◆ **Task description**
A verbatim copy of the listing is needed; pictures are to be left out.

◆ **Dataset content**
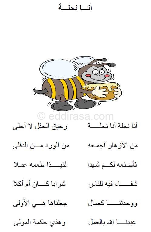 مادة التربية الموسيقية لسنوات التعليم الابتدائي – محفوظات تعليمية تربوية : . محفوظات تعليمية – أغنية أنا نحلة
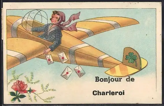 AK Flugzeug, Dame wirft Briefe aus dem Cockpit
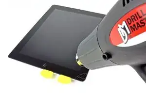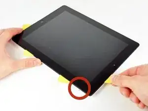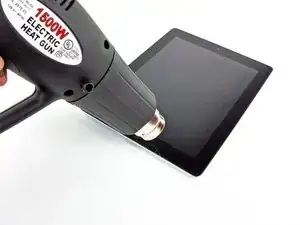 Используйте тепловую пушку, чтобы нагреть край передней панели вблизи нижнего правого угла iPad.

◆ **Exercise result**
 مادة التربية الموسيقية لسنوات التعليم الابتدائي – محفوظات تعليمية تربوية : . محفوظات تعليمية – أغنية أنا نحلة
 AK Flugzeug, Dame wirft Briefe aus dem Cockpit
 Используйте тепловую пушку, чтобы нагреть край передней панели вблизи нижнего правого угла iPad.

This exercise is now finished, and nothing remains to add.